El libro arranca con una escena precisa: la madrugada del 25 de mayo de 2018, en el módulo de enfermería de la prisión de Picassent, un ex presidente de la Generalitat y ex ministro repasa su vida entre paredes de diez metros cuadrados. Ese contraste —el hombre de los trajes a medida, los relojes de miles de euros y los yates ajenos frente al kit del preso y la tarjeta del economato— funciona como puerta de entrada a un relato mucho más amplio: el de cómo se levantó, pieza a pieza, una hegemonía política que terminó devastando el territorio que gobernaba.
Francesc Arabí, periodista de investigación con años de cobertura de los grandes casos valencianos, reconstruye la trayectoria de Eduardo Zaplana desde su irrupción a comienzos de los noventa hasta su salida de la primera línea y su posterior traspaso de capital político. Por el camino desfilan los episodios que dieron forma al modelo: el contrato opaco con Julio Iglesias a través del IVEX, la privatización de las ITV, el Plan Eólico, Terra Mítica, la Ciudad de la Luz, los sobrecostes de las grandes postales de hormigón, el desfalco de la televisión pública y la conversión de las cajas de ahorro en pesebre institucional. El autor no se limita a enumerar causas judiciales: describe el mecanismo que las hizo posibles.
Ese mecanismo tiene nombres y funciones. El contable que diseñó la ingeniería societaria, el amigo de adolescencia convertido en administrador de sociedades, el operador que atendía a los empresarios por ventanilla única, la secretaria que era archivo y confesionario, el propagandista encargado de maniatar la televisión autonómica. Arabí los sitúa en su lugar dentro de una estructura donde la lealtad se compraba con nóminas públicas y la disidencia se anulaba por inanición o con chequera. El resultado es lo que el libro llama, sin eufemismos, un régimen: un ecosistema mediático moldeado para macerar el discurso dominante, una administración con los controles desactivados y una ciudadanía a la que se le vendió autoestima mientras se le facturaban las obras.

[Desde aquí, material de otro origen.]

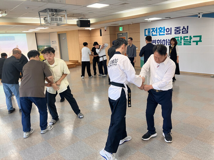 경기 수원시 팔달구는 공공청사 내 각종 폭력 및 테러에 대응하기 위해 지난 17일 SOS팔달안전봉사단과 구·동 공직자를 대상으로 구청 대회의실에서 호신술 실습 등 범죄예방 교육을 실시했다. 이번 교육은 경희대 출강 외래교수가 직접 ▲공공청사 내 범죄(테러) 이론 교육 ▲흉기 소지자, 폭력행위자 대상 호신술 실습 순서로 교육을 진행했다. 사진은 교육이 진행 중인 모습. (사진=팔달구청 제공)

Hay también una tesis de fondo sobre por qué tantos callaron. El autor apunta a una época de dimisiones colectivas —de periodistas, juristas, técnicos, interventores y ciudadanos— que coincidió con los años de vacas gordas, cuando la corrupción se digería mejor con el estómago lleno y sólo empezó a escucharse como banda sonora del día a día después del colapso financiero. Frente a esa amnesia, el libro se plantea explícitamente como ejercicio de memoria: contra quienes coloreaban el presente y blanqueaban el pasado.
Escrito en primera persona, con ironía y ritmo de crónica, el texto alterna la reconstrucción documental con la escena narrativa y el retrato de carácter. No es una biografía complaciente ni un sumario judicial ordenado en capítulos: es una incursión en los círculos de poder donde se decidían las cosas, con la ventaja de quien lleva años tomando notas desde dentro de la sala de prensa. Interesará a quien quiera entender un caso concreto, pero sobre todo a quien busque las reglas que permitieron que ese caso fuera posible, y que en buena medida siguen sin escribirse.